Ronald Morrisby

Personal information
- Full name: Ronald Orlando George Morrisby
- Born: 12 January 1915 Hobart, Tasmania
- Died: 10 June 1995 (aged 80) Hobart, Tasmania
- Batting: Right-handed
- Role: Batsman

Domestic team information
- 1931/32–1951/52: Tasmania

Career statistics
| Competition | FC |
| Matches | 52 |
| Runs scored | 2,596 |
| Batting average | 32.45 |
| 100s/50s | 3/14 |
| Top score | 145 |
| Catches/stumpings | 16/– |
- Source: Cricinfo, 25 September 2009

= Ronald Morrisby =

Ronald Orlando George Morrisby (12 January 1915 - 10 June 1995), was an Australian cricketer who played first-class cricket for Tasmania from 1931 until 1952. He can be considered one of the most outstanding Tasmanian batsman of his era, and was unlucky never to be selected to play test cricket for Australia, despite having toured India with an Australian side. Morrisby was the 29th player to captain the Tasmanian first-class team, but was never able to lead them to victory. An exciting batsman with a preference for playing off the back foot, he played for South Hobart Cricket Club in the Tasmanian Grade Cricket competition, and still holds many records in that competition, including being the all-time leading run scorer.

==Club career==
Ronald Morrisby still holds the record for the most runs in a single season in the Tasmanian Grade Cricket competition, having score 1099 runs in the 1950–51 season. His highest season average of 77.71 is also still the highest ever. Morrisby is also the all-time leading run-scorer in that competition, with his career total for South Hobart Cricket Club, a staggering 16,000 runs exactly. His highest score of 197 against Sandy Bay Cricket Club (his own team South Hobart, and Sandy Bay were later to merge) is the second highest score ever made in the Tasmanian grade competition. He also scored 180*, and passed 150 on six occasions, but never managed a double century in his entire career. Morrisby also holds the record for the highest ever first wicket partnership, when he and Jim Atkinson put on an unbeaten stand of 286 against New Town Cricket Club in the 1931–32 season. He was the highest season aggregate run-scorer in an incredible 13 separate seasons. Morrisby helped South Hobart to five premierships during his career, before finally retired from club cricket in 1960 at the age of 45.

==First-class career==
Morrisby made his first-class debut against Victoria at the Melbourne Cricket Ground, unusually on Christmas Day, 25 December 1931. It was eighteen days before his seventeenth birthday. He was disappointingly bowled for 3 by Arthur Liddicut in his first innings, but a fine 67 in the second showed that he was of first-class cricket material. Morrisby took over the Tasmanian captaincy from Sydney Putman during the 1937–38 season, and held on to the post until his retirement in 1952. Putman was in fact the fourth non-permanent holder of the post during the 1930s, and so Morrisby can be considered the first permanent captain of Tasmania since Jim Atkinson stood down in 1934.

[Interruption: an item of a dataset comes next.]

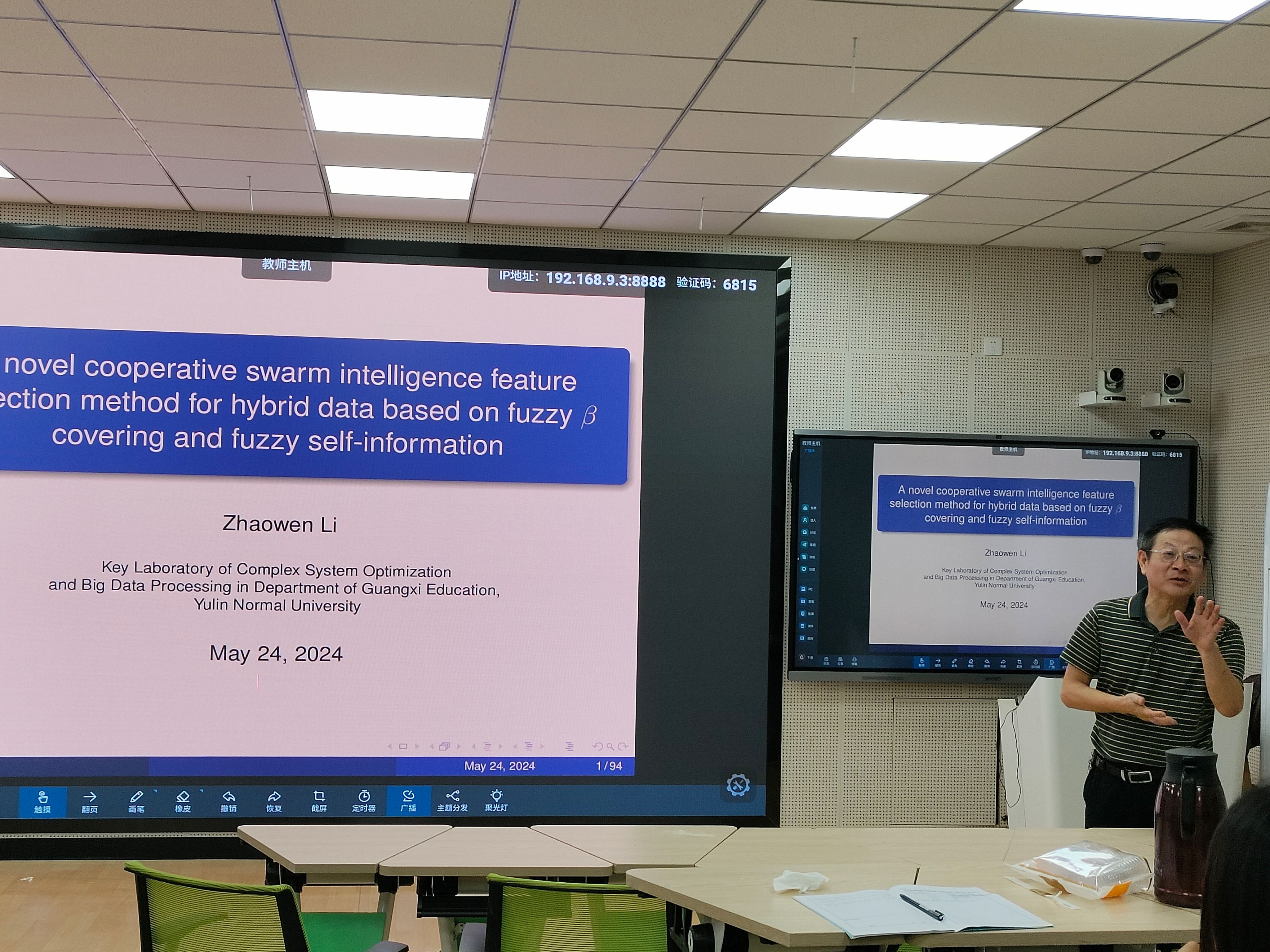 应公司邀请,5月24日上午,玉林师范大学李招文教授在砺志楼114作了题为《一种基于模糊β覆盖和模糊自信息的混杂数据的协同群智能特征选择方法》的报告。相关师生聆听了此次报告,报告由林国平老师主持。

The Tasmanian team that played the Indians at Hobart in January 1948. Ron Morrisby, the captain, is seated third from the left.

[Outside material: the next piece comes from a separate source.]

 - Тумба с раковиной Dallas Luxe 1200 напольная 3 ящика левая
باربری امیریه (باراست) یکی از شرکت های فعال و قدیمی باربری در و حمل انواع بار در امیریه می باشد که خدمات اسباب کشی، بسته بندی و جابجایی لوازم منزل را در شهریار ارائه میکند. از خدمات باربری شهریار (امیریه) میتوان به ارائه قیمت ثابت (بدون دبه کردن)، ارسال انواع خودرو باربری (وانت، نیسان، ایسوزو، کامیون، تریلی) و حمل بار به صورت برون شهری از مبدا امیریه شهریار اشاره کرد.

Off the back of an excellent season in 1934–35 in the Tasmanian competition, Morrisby was somewhat surprisingly called up for the Australian team's tour on India in 1935–36, led by Frank Tarrant. He had an excellent tour, scoring 2 centuries, and 3 half-centuries, and played in all four unofficial Test matches (only first-class status) against India. His highest ever first-class score of 145 came against Patiala in Punjab. Having been set a competitive 352 to chase, Morrisby top-scored, including sharing a second-wicket partnership of 274 with New South Welshman, Wendell Bill. Including his matches for Tasmania in that year, Morrisby had the best first-class season of his career in 1935–36, scoring 811 runs at 40.55, with 2 centuries and 5 half-centuries.

As with most cricketers of his era, Morrisby's first-class career was interrupted by the outbreak of World War II. He only ever managed to score one additional century after the 1935-36 tour of India, which had proved to be the highlight of his first-class career, and that came in a match against the touring Indians in the 1947–48 season. They stopped in Tasmania to play two tour matches, and in the second at the NTCA Ground on 16 January 1948, Morrisby made 130 in a remarkable Tasmanian total of 458 all out, chasing the Indians first innings score of 7 for 457 declared. The match was rain-affected, and ended in a draw, but is notable in that it was the first-class debut of Emerson Rodwell, who was to become the next great Tasmanian batsman of the following generation. Morrisby continued playing first-class cricket until the 1951–52 season, when he retired at the age of 37. In 51 matches, Morrisby had accumulated 2596 runs at an average of 32.45 including 3 centuries, and 14 half-centuries, with a high score of 145. Ronald Morrisby also umpired in a match between Southern Tasmania Cricket Association and the North-West Tasmania Cricket Association in 1955–56.